Nevertheless, there is not a single reliable storyteller within Trust Exercise. Mr. Kingsley/Lord abuses the trust and boundaries of his students. Martin recasts himself as the friendly and harmless Doc, the victim of circumstances rather than someone who has actively harmed at least one woman. David is willfully blind to what transpired at CAPA, romanticizing the past in a way that others (particularly Sarah and Karen) disagree with.
The women, though more thoughtful overall, also present skewed narratives. Karen strongly disagrees with the presentation of events that Sarah sets forth in her novel. However, the third section implies that even Karen's narrative may have played with facts, obscuring some (Lord's likely affair with either Karen or Sarah) and complicating others (Sarah and Karen's inextricability as characters). Claire more openly struggles with this after her experience with Lord, telling the story over and over to numerous Listeners and coming up with a different strategy every time. No matter what one's stated intentions, Choi implies, we all have the desire to tell a story; thus, no narrator is ever truly reliable.
Throughout Trust Exercise, Choi gives examples of various types of sexual abuse. In the first instance, Sarah's experience with Liam, she presents the event without commentary or labeling, instead weaving it into the everyday experience of a party. It may thus pass for many readers without appearing as sexual abuse at all. However, Sarah repeatedly expresses her wish to leave, tells Liam no, and does not enjoy the experience, despite her orgasm (a physical response that is unrelated to consent).
Choi then presents Karen's experience, in which she was willing and eager to have sex with Martin but unprepared for the consequences that followed, including her unwanted pregnancy. This implies that Karen was too young to consent to a relationship with an authority figure—and that sexual relationships with authority figures are inherently flawed.
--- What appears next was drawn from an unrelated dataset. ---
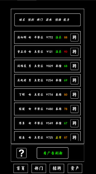 5.招聘一些厨师,每个员工都有不同的特性,你需要合理招聘

Finally, Choi presents Claire's narrative as a more traditional example of sexual abuse, in which an older man tries to compel a young woman into sleeping with him against her desires. The fact that he is likely her father makes the situation more repellant.
Nevertheless, the parallels among the three characters indicate that they have all experienced some form of this abuse—and that the "degree" is unimportant, given the profound psychological and physical consequences they encounter as the result of this abuse. Sarah's relationship with Liam makes her question, and cede, her bodily autonomy. Later in life, she becomes pregnant because she thinks it is expected of her, not because she wants to be. Karen's affair with Martin leads to severe psychological consequences and to Karen's decision to shoot and injure Martin. Claire's experience with Lord increases her anxiety, leading her to obsessive behaviors online and with her Listeners. Choi leaves the question open as to whether any one of these cases is "better" or "worse" than the other, implying that the question of degree is unimportant: These relationships were all damaging in different but related ways.